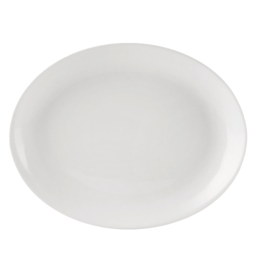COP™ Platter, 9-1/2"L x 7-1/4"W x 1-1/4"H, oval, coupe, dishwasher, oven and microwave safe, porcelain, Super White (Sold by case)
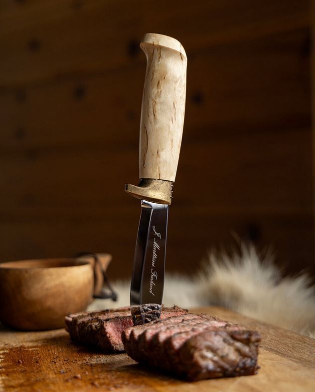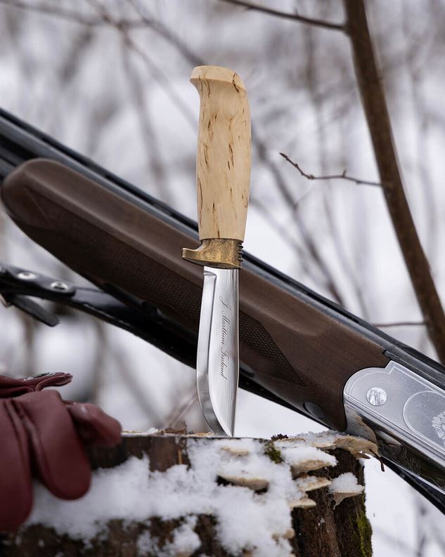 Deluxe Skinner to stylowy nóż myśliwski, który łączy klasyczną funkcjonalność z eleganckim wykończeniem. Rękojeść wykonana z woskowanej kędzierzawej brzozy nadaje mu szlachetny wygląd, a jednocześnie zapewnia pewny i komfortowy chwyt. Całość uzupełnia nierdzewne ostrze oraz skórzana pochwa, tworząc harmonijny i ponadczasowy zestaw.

******************************

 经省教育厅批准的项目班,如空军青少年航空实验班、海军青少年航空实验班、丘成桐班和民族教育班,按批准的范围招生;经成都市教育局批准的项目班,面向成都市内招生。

******************************

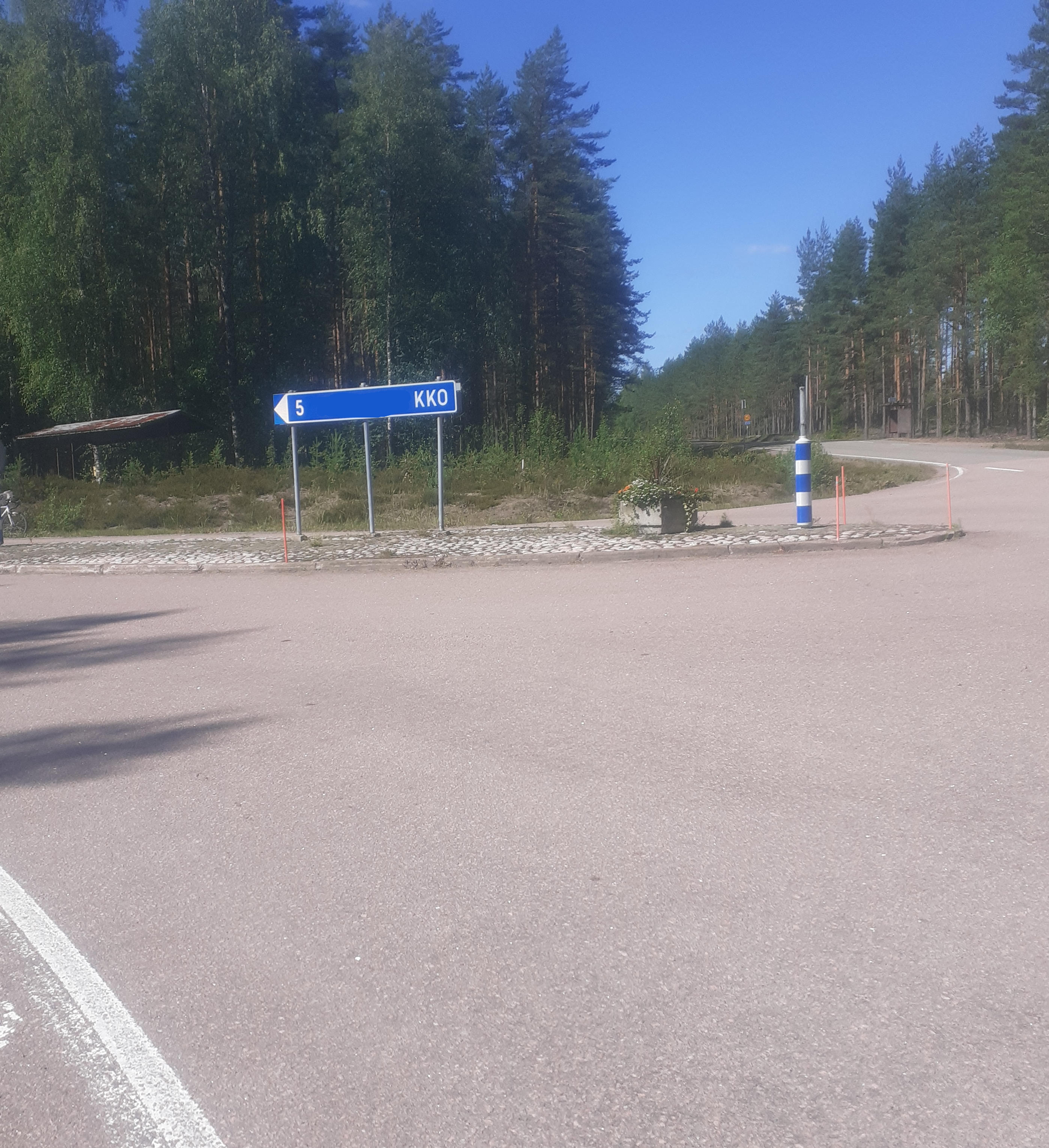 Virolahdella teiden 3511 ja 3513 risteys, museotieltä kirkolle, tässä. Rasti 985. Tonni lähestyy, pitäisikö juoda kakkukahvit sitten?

******************************

— PROBLEM TO SOLVE —
Range to copy from the listing above: the line containing "(Sold by case)" down to the line containing "Deluxe Skinner to", both included. Reproduce it exactly, minus the pictures, and add nothing.

— EXPECTED OUTPUT —
COP™ Platter, 9-1/2"L x 7-1/4"W x 1-1/4"H, oval, coupe, dishwasher, oven and microwave safe, porcelain, Super White (Sold by case)
 Deluxe Skinner to stylowy nóż myśliwski, który łączy klasyczną funkcjonalność z eleganckim wykończeniem. Rękojeść wykonana z woskowanej kędzierzawej brzozy nadaje mu szlachetny wygląd, a jednocześnie zapewnia pewny i komfortowy chwyt. Całość uzupełnia nierdzewne ostrze oraz skórzana pochwa, tworząc harmonijny i ponadczasowy zestaw.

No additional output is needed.